Now, I enjoy nothing more then a weekend to myself with no plans. It doesn't happen often and I dream about it like it is a holiday destination. I had had a busy week at work, and a bad week of sleep deprivation (please see earlier blogs re: broken heart). The dream usually consists of a relished thought of watching a good movie whilst laid flat on my rug, propped by a few pillows and a couple of beers to wash down my movie snacks. So, this is what my excitement was fuelled by yesterday, and come 4pm I was biting at the bit to race out of that office.....

So, as usual, schools out, 4.30pm. I jump into the Bat Mobil with Persistent in the passenger seat talking in monotone. Then as I drop her off and bid good weekend, I was long roped right off of my saddle into the sunset. After some secret consultation with her partner (post order of 'wait here a second'), Persistent returned with a fabulous idea!!! 'Partner and I are having takeaway for dinner too (there's a suprise!), why don't you go grab your beers and we have takeaway together' ......... how how how do I respond to this? Like a stone thrown at me through the passenger window, I wanted to close the window up accidentally so as to pretend I can't hear and drive off. I thought I had made it clear I was having an evening on my own.
....


Now, in retrospect what I should have said was, 'hey, nice offer but I fancy a quiet evening alone' (just a thought, am I a saddo/geek???). But on the spot, all I could think of was 'are you sure? ok'. An excuse would have been helpful, but I didn't even have one to hand. She new I was doing nothing much, she had already quizzed me earlier. I couldn't think of anything worse...I like to eat my takeaway alone so I can munch, dribble, pick with my fingers, swig at my beer, maybe belch out a chorus if I so please. Given that Persistent and Partner do not drink pop, and, look down on anyone that does....I was not even going to enjoy my deserved beer come bottle popping time (I am sure some of you can appreciate the importance of Fridays First Cold Beer....the setting for which has to be just right). Worst still, there would be the walk home, facilitated by Persistent Partner, with awkward small talk, and probably a grudgingly given goodbye hug as I rush up my foot path..... am I mean????

As I drove off to collect my beer. I got angry. To you all this may seem a little OTT, given that it was just an invite for dinner, but Persistent has got me this way before. What may seem something in the region of paranoia, actually stems from previous entrapment's and suffocation.

I got so angry I new I couldn't actually go through with the dinner plans. I couldn't even bring myself to call with a lame excuse. I texted something meaningless.....

Suffocation may also seem to be rather dramatic.....but believe me...... I have known Persistent for approximately 3 months.

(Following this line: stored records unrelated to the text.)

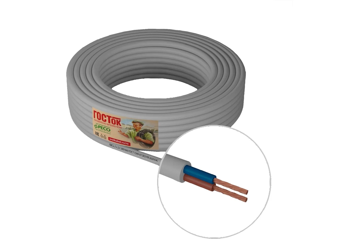 - Провод ПВСн 2Х2.5 бел 5м ГОСТок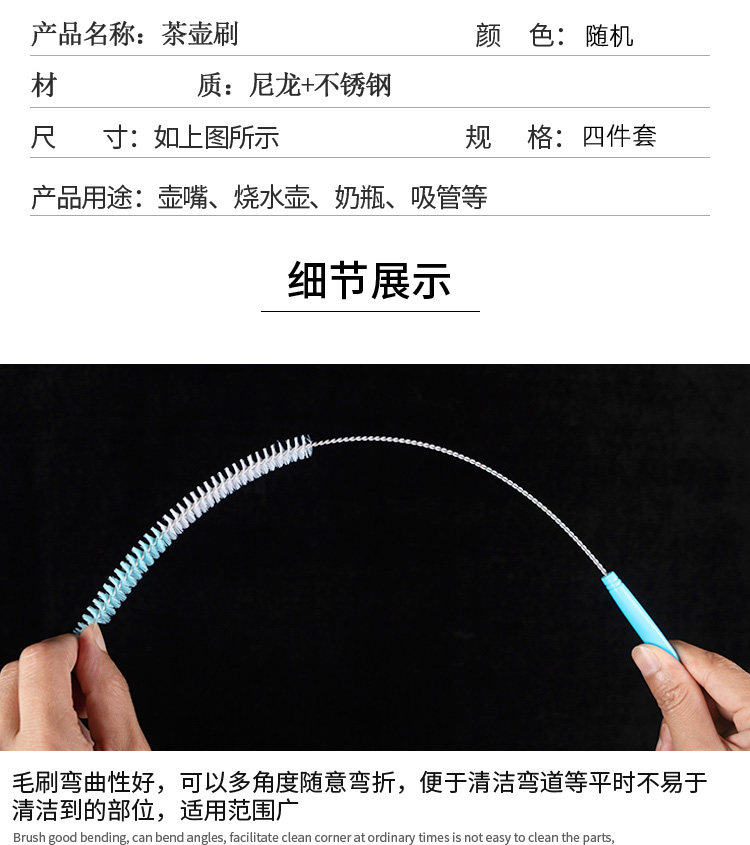 商品名称:茶壶刷 4件套 不锈钢+尼龙 单位:套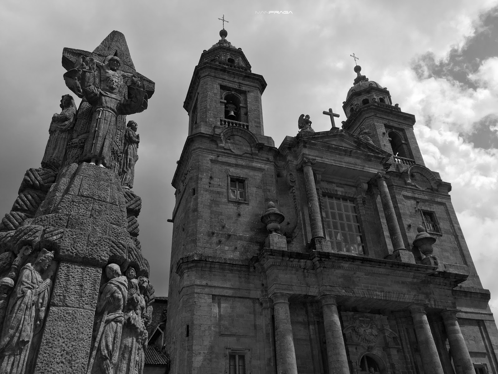 Dende que habito en Compostela, nesta húmida e triste capital galega, nesta pequena e monumental encrucillada de calexas, fico namorado do silencio que agochan os seus muros, das badaladas que escoito entre murmurios, das pozas onde se reflicten os séculos finados. Namorei da súa historia, do seu tempo pasado, presente en cada torre, en cada parede, en cada crus i en cada arco, escrita coma a piolla no cadeirado, no granítico barro dos oleiros de cuarzo, mica e feldespato. Percorrín Compostela docemente, co agrado e a timidez, coa a loucura e a placidez propias dun inxenuo namorado. Detívenme a ollar en silencio a súa grandeza nas fontes, nos soportais e nas prazas, na multitude de rúas que se abrazan nesta pétrea e misteriosa capital, nesta améndoa histórica, lendaria e tristeira, nesta meiga e fascinante Compostela Monumental.

In that time, I have met her mum, received no less then 11 'cute' gifts, and an indecent number of frowns following my quiz each Monday morning about my weekend frolics (seriously, I don't know why she asks so many questions when she doesn't like to hear the answers). I have been to dinner mmmmm two times, both times 'enjoying' hours, spent going through endless photographs of here, there and everything.

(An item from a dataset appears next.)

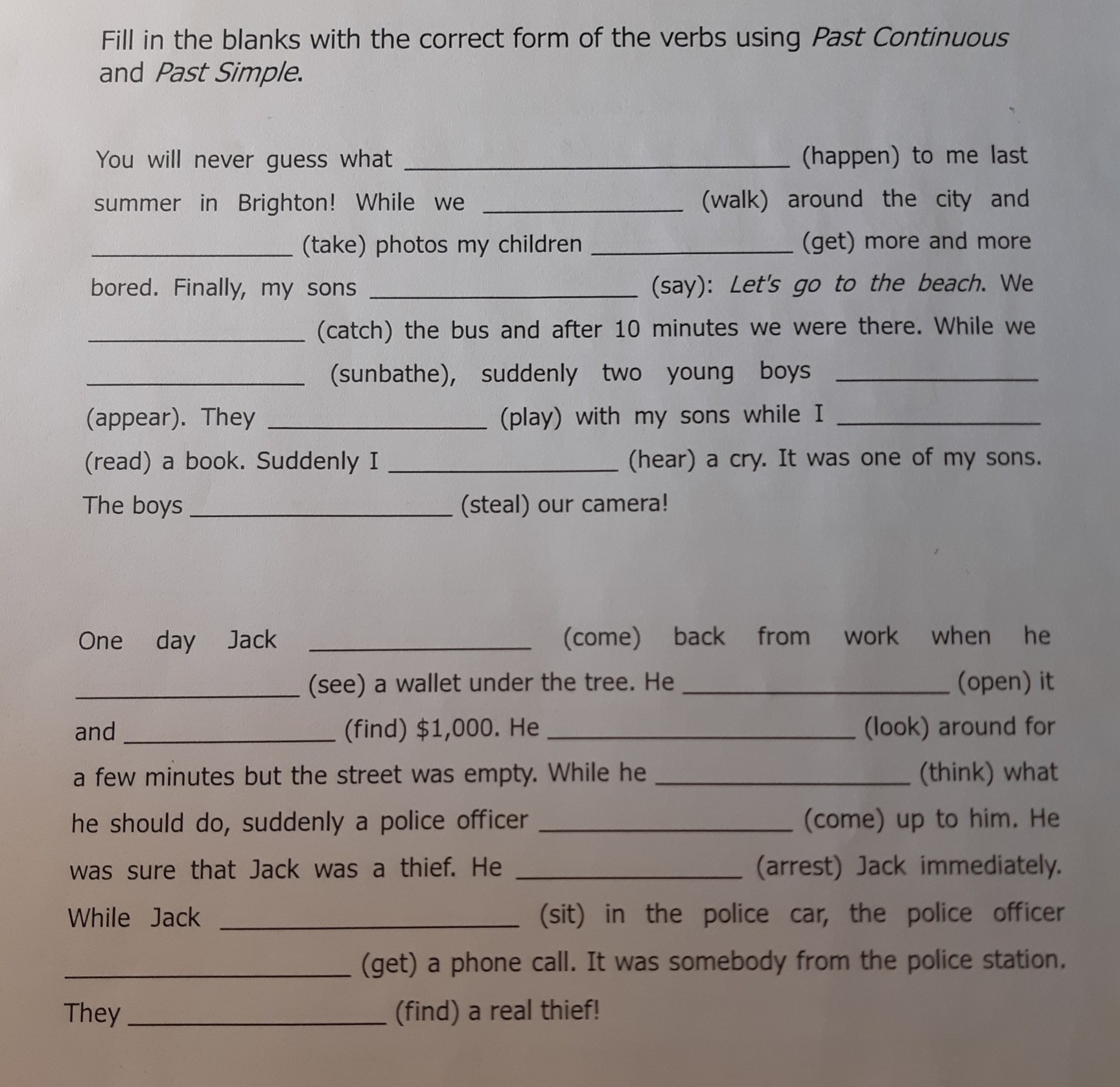 1.happened 2.were walking 3.were taking. 4.were getting. 5.said 6.caught 7.were sunbathing 8.appeared 9.were playing 10.was reading 11.heared 12.stole. 13.was coming 14.saw 15.opened 16.found 17.was looking 18.was thinking. 19.came 20.arrested 21.was sitting. 22.got 23.found
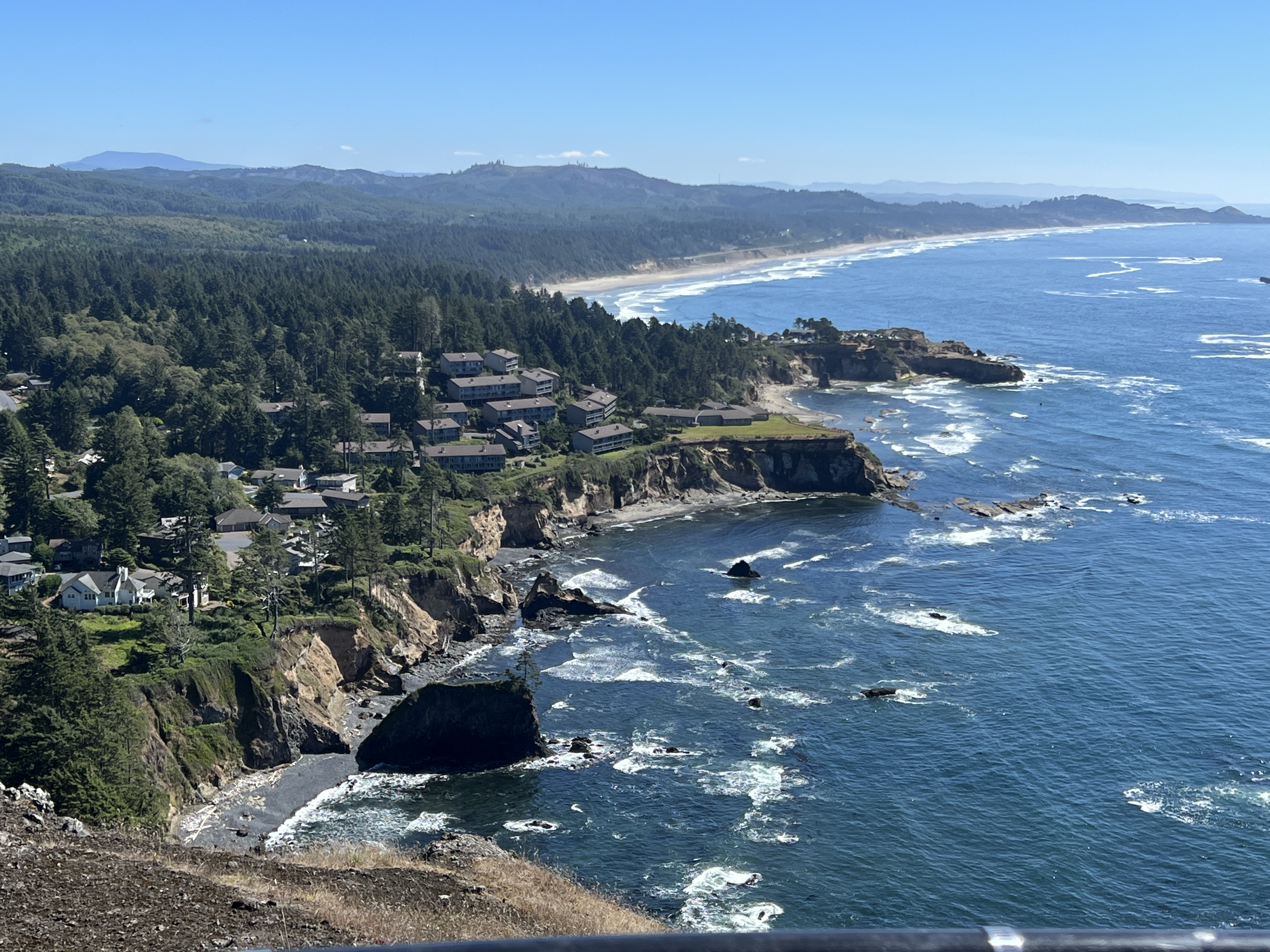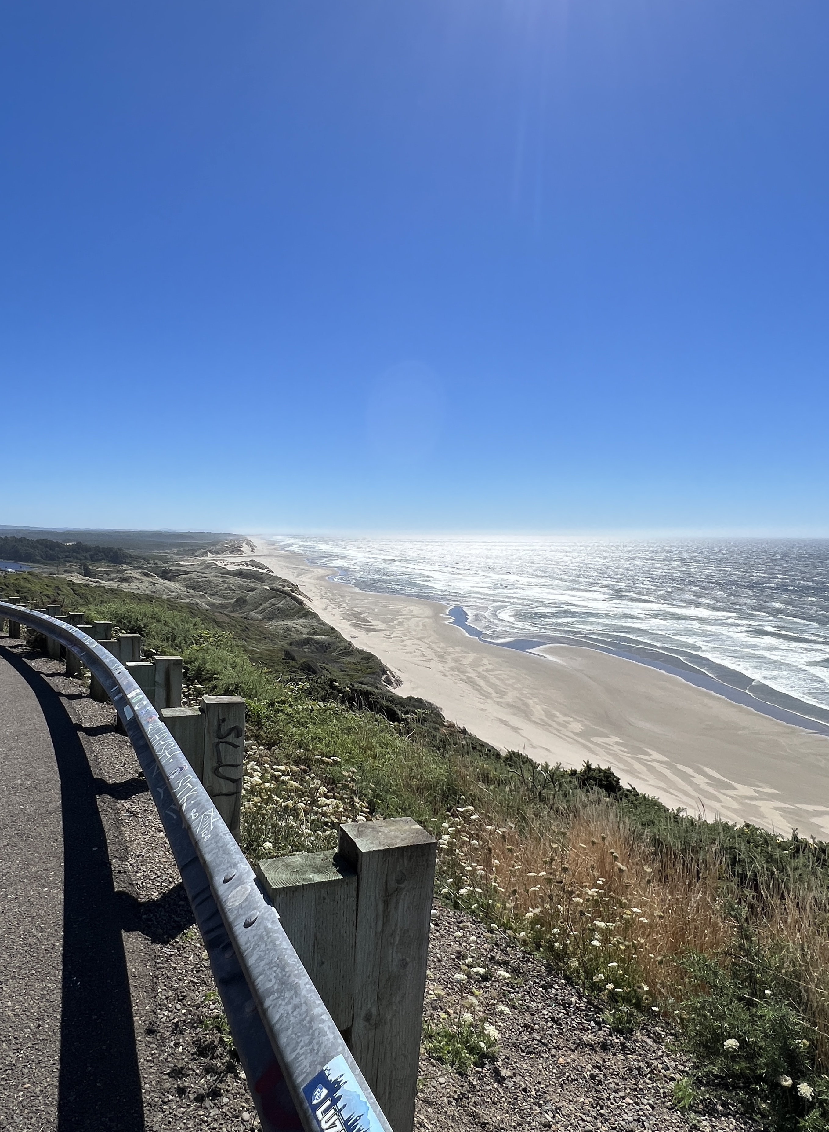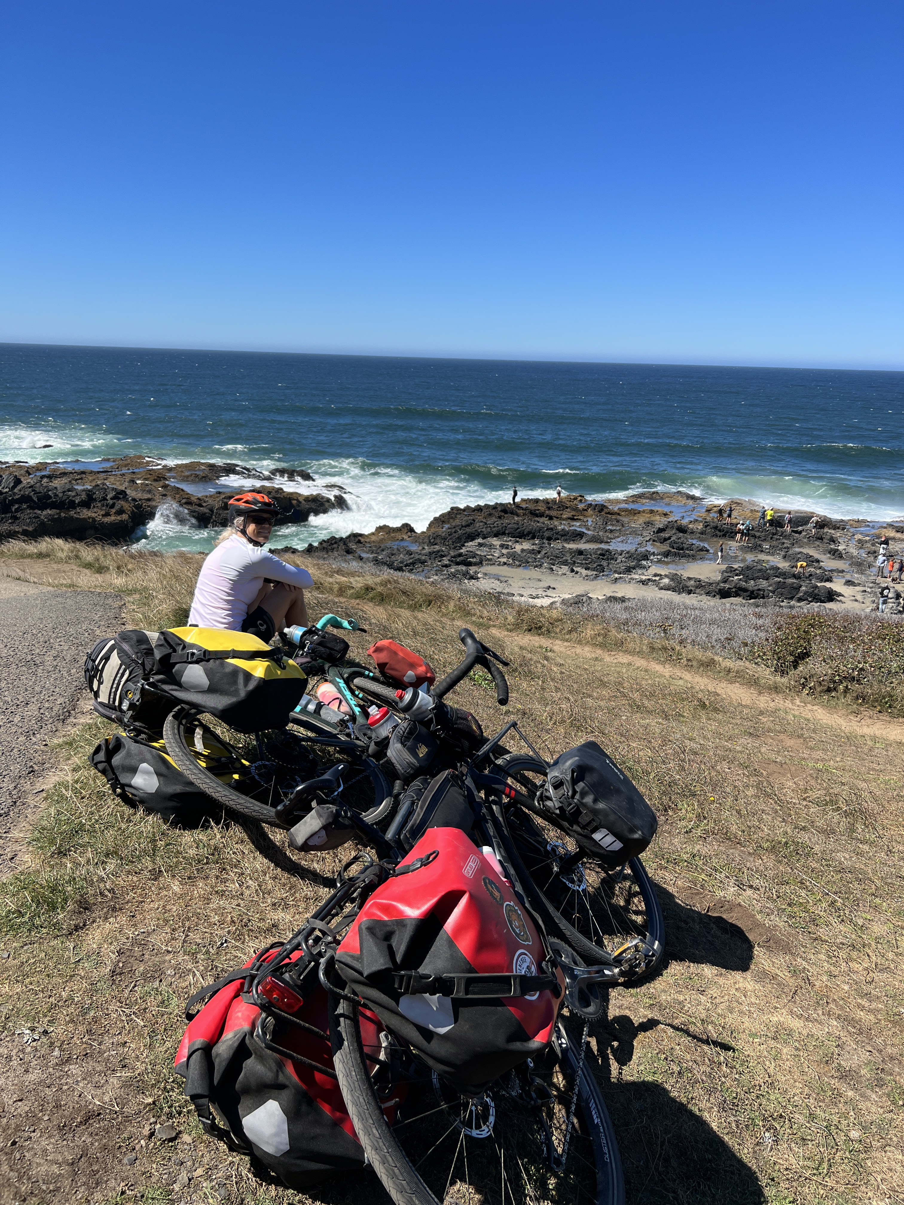 Pacific City to Otter Rock. Riding by Devil’s Lake. Breakfast at Nelscott Cafe in Lincoln City. Big climb on Otter Rock Loop. Devil’s Punchbowl.

It is so tricky. Persistent doesn't take rejection very well, and there is an underlying case of serious depression. But how do I move away gently? when it seems that the further I step away the tighter the noose gets???

thus...PM....

Was thus filled with busts of anger. It simmered later following Fridays First Cold Beer, but it was tainted.

So, First Friday Night Beer, is, for one weekend only, being moved, for a Saturday night slot.